AUDIENCE: It's a factor of infinite. We can just--

PROFESSOR: Yeah, it's infinite. It's infinite. But compared to the large N limit, it's still order 1.

[LAUGHS]

It's infinite. It's infinite, but it's order N to the power 0.

AUDIENCE: Oh, my gosh.

AUDIENCE: All right.

PROFESSOR: It's N to the power of 0. And so they will be suppressed, by physical process. So for example, say this operator-- say I have some dimension. Say this operator-- suppose this Particle 1 have some energy. And a particle has some energy. And then the process of this generated this, too. And when their energy becomes very large, then it's suppressed. And you have this kind of physical suppression.

Of course, if you include all energies, there are an infinite number of them.
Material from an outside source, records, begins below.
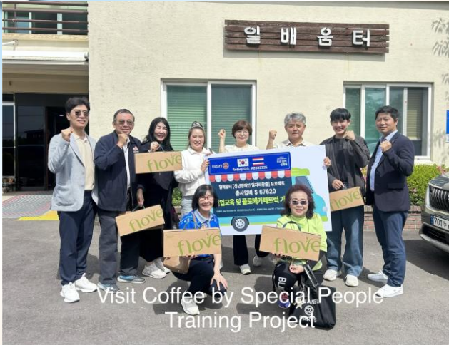
Visit Coffee by Special People Training Project
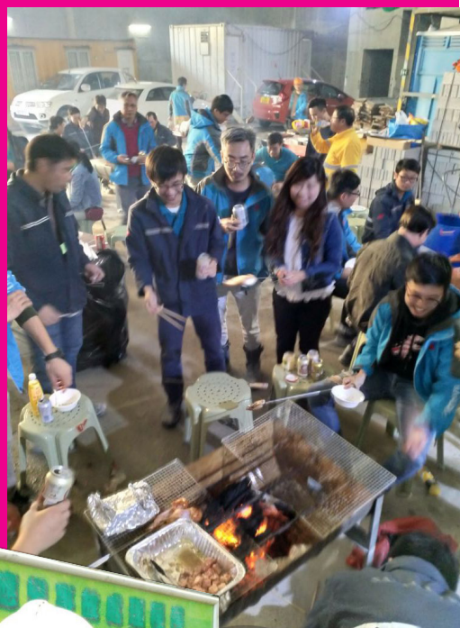
▶ 新輝建築為員工舉辦燒烤活動

上個月有段時間好凍，公司都好體貼，送暖包俾我哋每個工友。個人暖啲，做嘢係會醒神啲嘅！多謝老細！！”
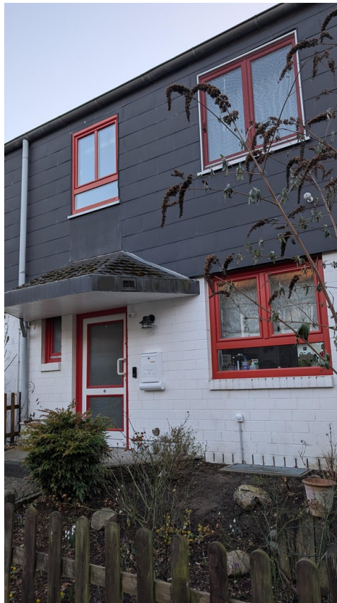
Hausansicht vom Weg
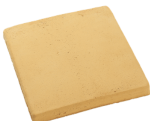
RT 10 Gul enfärgad

Golvtegel levereras obehandlat. Normalt uppstår inga förändringar på färgen med dessa behandlingar.
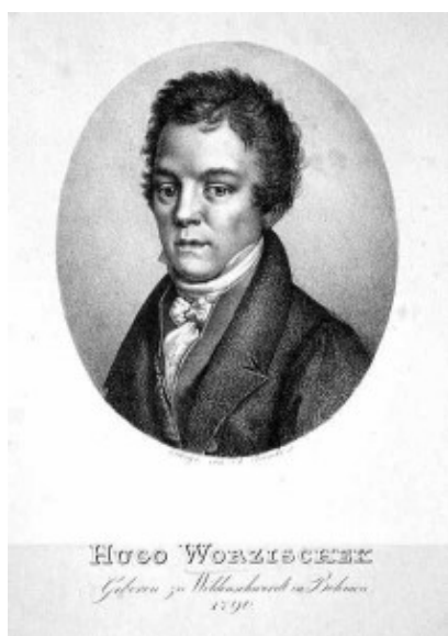
Jan Vaclav Hugo Vorisek.

Dennoch: Mahlers Erste war ein Versprechen, und der neue GMD wird, das war zu hören, sich mit einem technisch hochklassigen, sehr kooperativ wirkenden Orchester und dem eigentlich entgegenkommenden Raum sicher noch intensiv anfreunden. Das Potenzial ist da – im Essener Neubeginn knospt der Zauber.
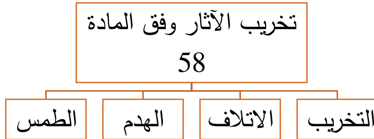
الشكل (5) تخريب الآثار وفق قانون الآثار السوري
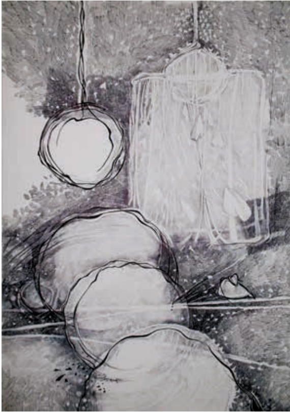
Eternal dry pen on white paper سرمديّة أقلام جاف على ورق أبيض ٣٥ × ٥٥ سم
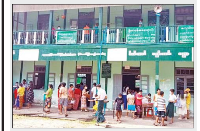
ရန်ကုန်တိုင်းဒေသကြီး မင်္ဂလာတောင်ညွန့်မြို့နယ် အမှတ်(၇) အခြေခံပညာအထက်တန်းကျောင်း၌ မေ ၂၆ ရက်က မိဘအုပ်ထိန်း သူများ ကျောင်းအပ်နှံနေစဉ်။

ကျောင်းအပ်နှံရေးနေ့ အခမ်းအနားတွင် မြို့နယ်စီမံအုပ်ချုပ်ရေး အဖွဲ့ဥက္ကဋ္ဌ ဦးကျော်ဘုန်းမောင်က အမှာစကားပြောကြားသည်။ ထို့နောက် မြို့နယ်ပညာရေးမှူးနှင့် တာဝန်ရှိသူများက မြို့နယ် အတွင်းရှိ ကျောင်းအသီးသီးအတွက် နိုင်ငံတော်မှ အခမဲ့ထောက်ပံ့ ပေးသော ပုံနှိပ်စာအုပ်၊ ဗလာစာအုပ်၊ ခဲတံ၊ ဘောလုံးများကို ကျောင်းအုပ်ကြီးများထံ ပေးအပ်ခဲ့သည်။ နေလင်း(ညောင်လေးပင်)
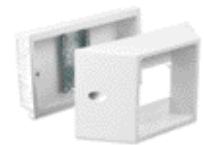
einfach single gang
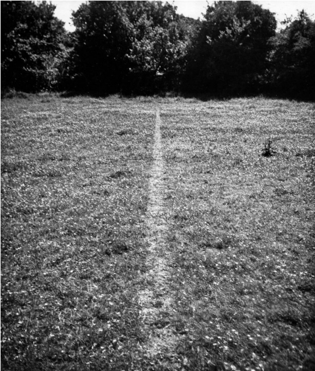
Richard LONG, A Line Made by Walking , 1967, Angleterre
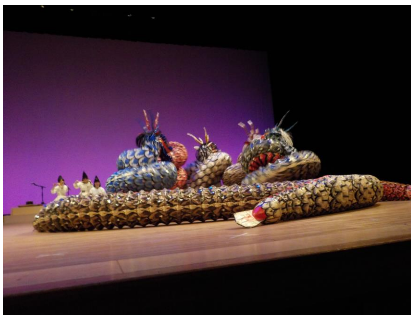
【文化・芸術の継承と発信「荒神神楽」】
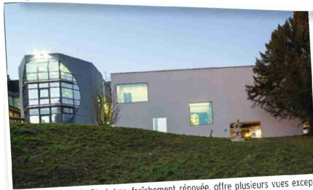
La façade sud de la Black box, fraîchement rénovée, offre plusieurs vues exceptionnelles sur le parc. Ces espaces de respiration ont été utilisés dans l'exposition actuelle.
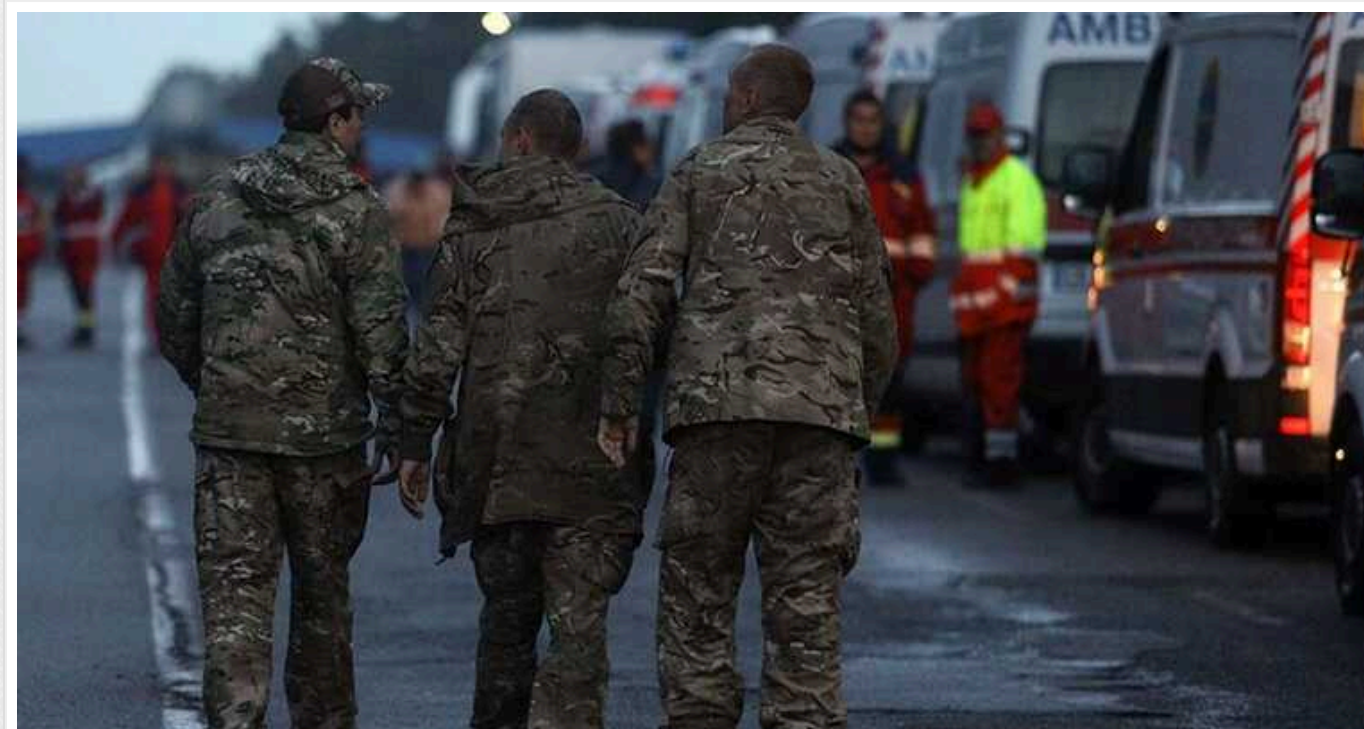
Зеленський показав щемливе відео зі звільненими полоненими: "Пам'ятаємо про всіх"

Президент України Володимир Зеленський показав щемливе відео зі звільненими полоненими українськими захисниками. Він наголосив, що влада пам'ятає про всіх своїх людей, які тимчасово знаходяться в лапах ворога.
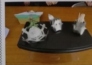
生徒がデザイン・製作した錫製品

現在 株式会社能作 代表取締役社長 公益社団法人 富山県デザイン協会 理事長 一般社団法人 日本工芸産地協会 副会長
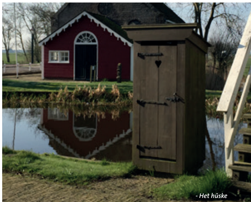
- Het hûske

Het rioleringsstelsel, dat al werd uitgevonden door de Romeinen, is in Nederland nog maar 100 jaar oud. In Allingawier stond het hûske aan de vaart. Neem een kijkje in het wc-huisje om te zien hoe het rioleringsstelsel van deze Friezen eruitzag.
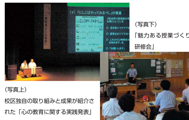
写真上 校区独自の取り組みと成果が紹介された「心の教育に関する実践発表」
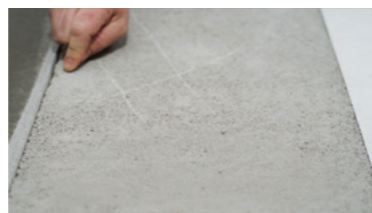
CEMENTDEKVLOEREN hardheid en reiniging controleren
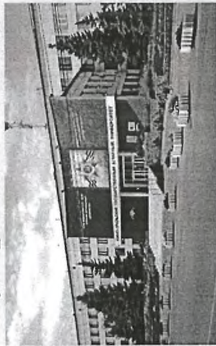
Институт ветеринарной медицины г.Троицк
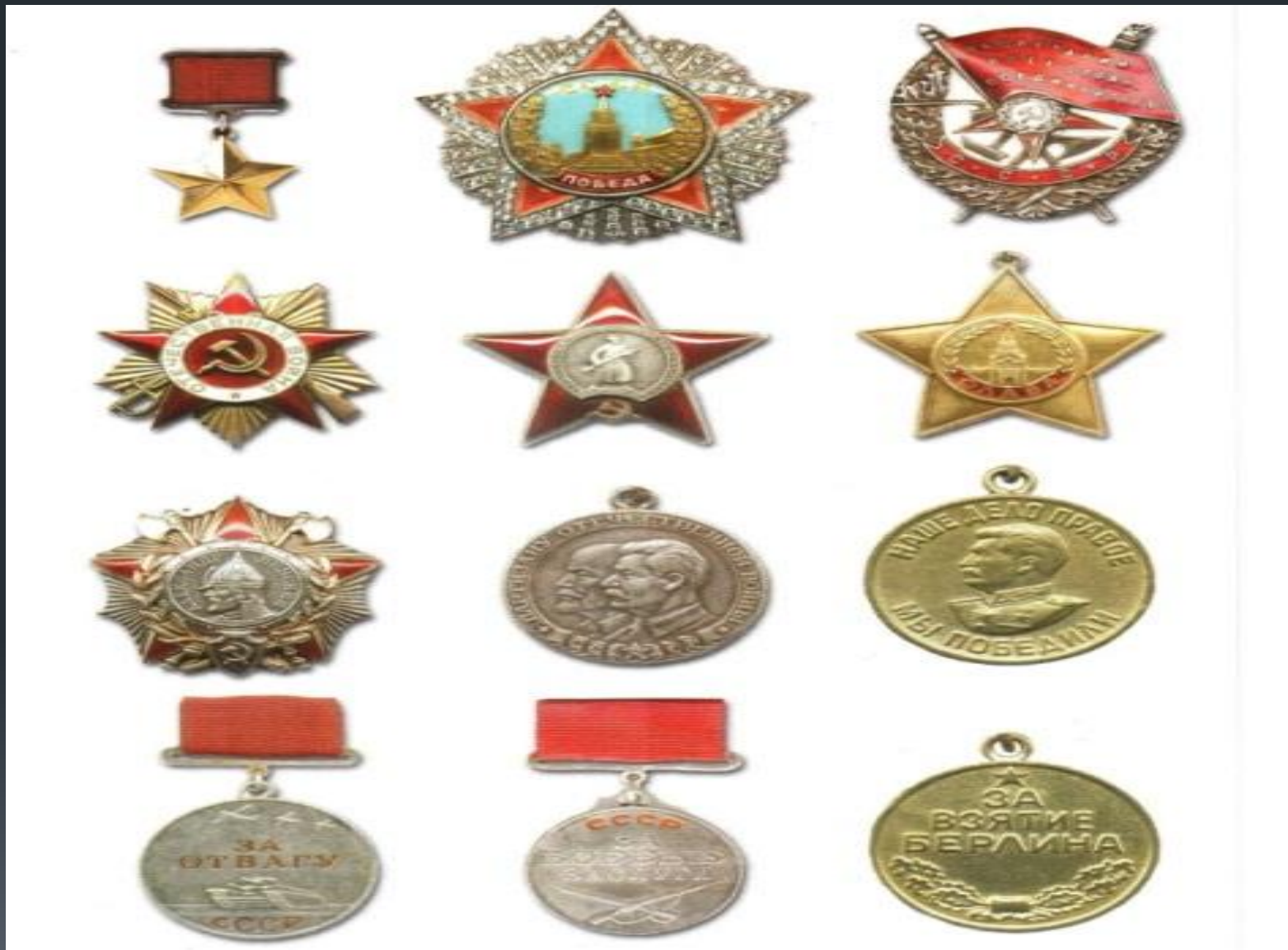
«Ордена и медали»
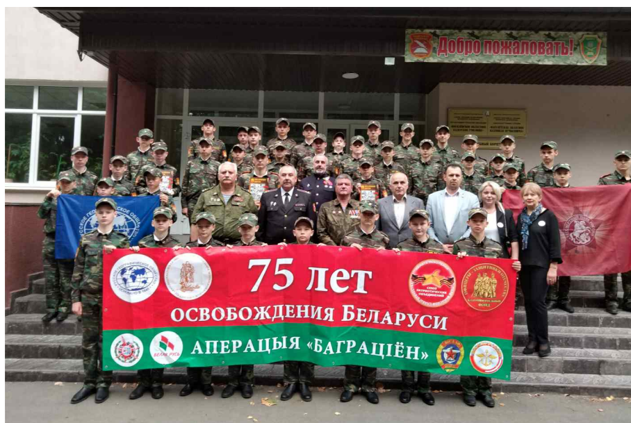
Встреча с воспитанниками Могилевского областного кадетского училища оставила самые теплые воспоминания у участников автопробега.
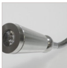
LISEUSE 1 W 100LM SUPPORT ROND
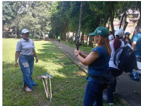
Visita Maecol con delegados Cuenca, Ecuador - Jornada de embellecimiento Primero de Mayo
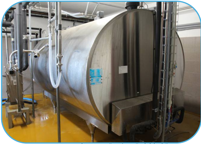
chladicí tank na mléko s dvoustupňovým předchladičem
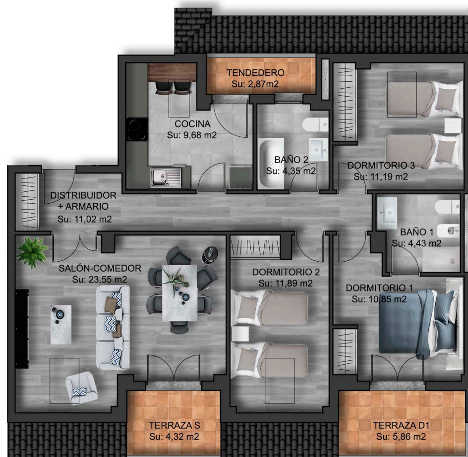
IMÁGENES DE CARÁCTER NO CONTRACTUAL
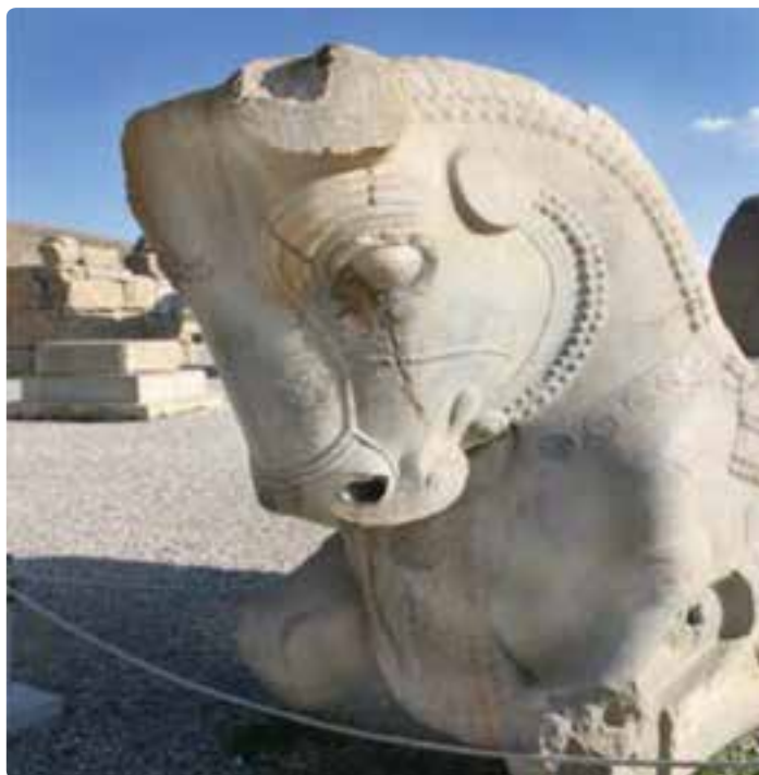
شکل ۵-۷- تخت جمشید

قدمت سکونت آریایی ها در این استان، حکومت های هخامنشیان و ساسانیان و بعد از آن حکومت های اسلامی، همگی آثار و بناهایی را از خود بر جای گذاشته اند که بازدید از آنها هدف بسیاری از گردشگران داخلی و خارجی است.
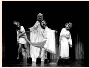
El gran secreto.

Nos encontramos en la cartelera madrileña con dos espectáculos que pueden ser comparables. El primero, El gran secreto , de Els comediant, se presentó en el Teatro Gran Vía. Una vacía excusa les sirve para comenzar su obra en la que dos acomodadores, dos técnicos y un espectador (dramaturgo) deciden confirmar la tesis de que el teatro define la forma en la que amamos. Nos muestran desde los griegos hasta nuestra época cómo el teatro habla del amor.
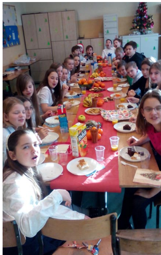
świąteczne spotkanie w klasie V e
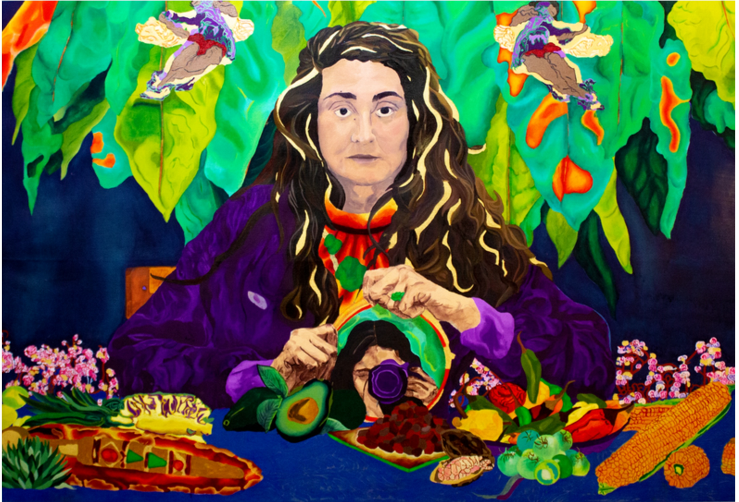
Autoportrait ou dysmorphie généralisée, 2025 huile sur coton, 120*150 cm sélectionnée pour l'exposition I am here - je suis là - ik ben hier, Espace Vanderborght, Avril - Mai 2026
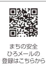
まちの安全ひろメールの登録はこちらから

本市ではそれをまちの安全ひろメールなどでお知らせします。避難勧告などの緊急情報を発令するときは、土砂崩れや河川氾濫などが今まさに発生する恐れのある危険な状況です。災害はいつ起きるか分かりません。早めの情報収集と行動が、命を守ることに繋がります。
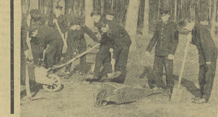
Text i fot. zap
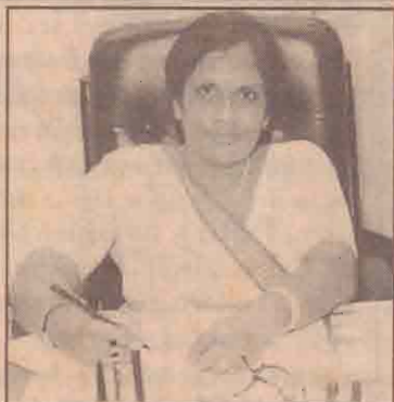
புக்குழுவின் பணி விலக்கிக்கொள்ளப்படாது செயற்பட அனுமதித்தது.

விடுதலைப்புலிகளுக்கும் சீர்திருத்த அரசாங்கத்திற்கும் இடையிலான பேச்சு வார்த்தைகளில் முன்றாம் தரப்பு ஏற்பாட்டாளராக நோர்வே மீண்டும் செயற்பட வேண்டும் எனச் சனாதிபதி சந்திரிகா குமாரதுங்க நோர்வேயிடம் கேட்டுள்ளார். இதேவேளை இதற்கு பதிலளித்த நோர்வேப் பிரதமர் விடுதலைப்புலிகளும் இதே மாதிரியான வேண்டுகோளை விடுக்கும் பட்சத்தில் ஏற்பாட்டாளராகப் பணியாற்றத் தயார் எனத் தெரிவித்துள்ளார்.
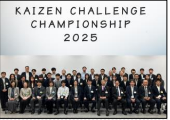
↑シミックCMO株式会社 足利工場

改善発表会→ 毎年各拠点から様々なアイデアが集結し、品質・安全など継続的な改善活動を大切にしています。

But in fact, if you can-- if you consider, yeah, energy [INAUDIBLE] this kind of thing. Then essentially, there's a finite number of contributes.

AUDIENCE: Finite. OK.

PROFESSOR: Yeah. But the key is that this is order N to the power of 0.

AUDIENCE: Maybe one more thing--

PROFESSOR: Yeah.

AUDIENCE: What if it includes the loop, closed by itself?

PROFESSOR: Yeah?

AUDIENCE: Like a closed fermion loop [INAUDIBLE] I mean, it doesn't need to involve [INAUDIBLE] state. It can just [INAUDIBLE].

PROFESSOR: No, no, no. Loop always involves particle states. So any loop, when you cross it, there's always two states.

AUDIENCE: Don't they need to cross it at the end? I mean, like a [INAUDIBLE].

PROFESSOR: Sorry, I don't quite understand. Any loop, by definition, when you cross it, there's always two points. Then that means this is more than one particle.

AUDIENCE: Just something like this, don't cross any--

PROFESSOR: No, no, no, no, no. You cross here. You still have two particles.

AUDIENCE: Right.

AUDIENCE: Oh, OK.

PROFESSOR: Yeah, you cut at any time. There's still two particles. OK. Let's summarize. So now let's combine 1, 2, 3. So we can combine 1, 2, 3. So this tells us-- so this 1, 2, 3 tells us at leading order in large N expansion, we have a series-- a classical series. We essentially just have a classical series of glueballs.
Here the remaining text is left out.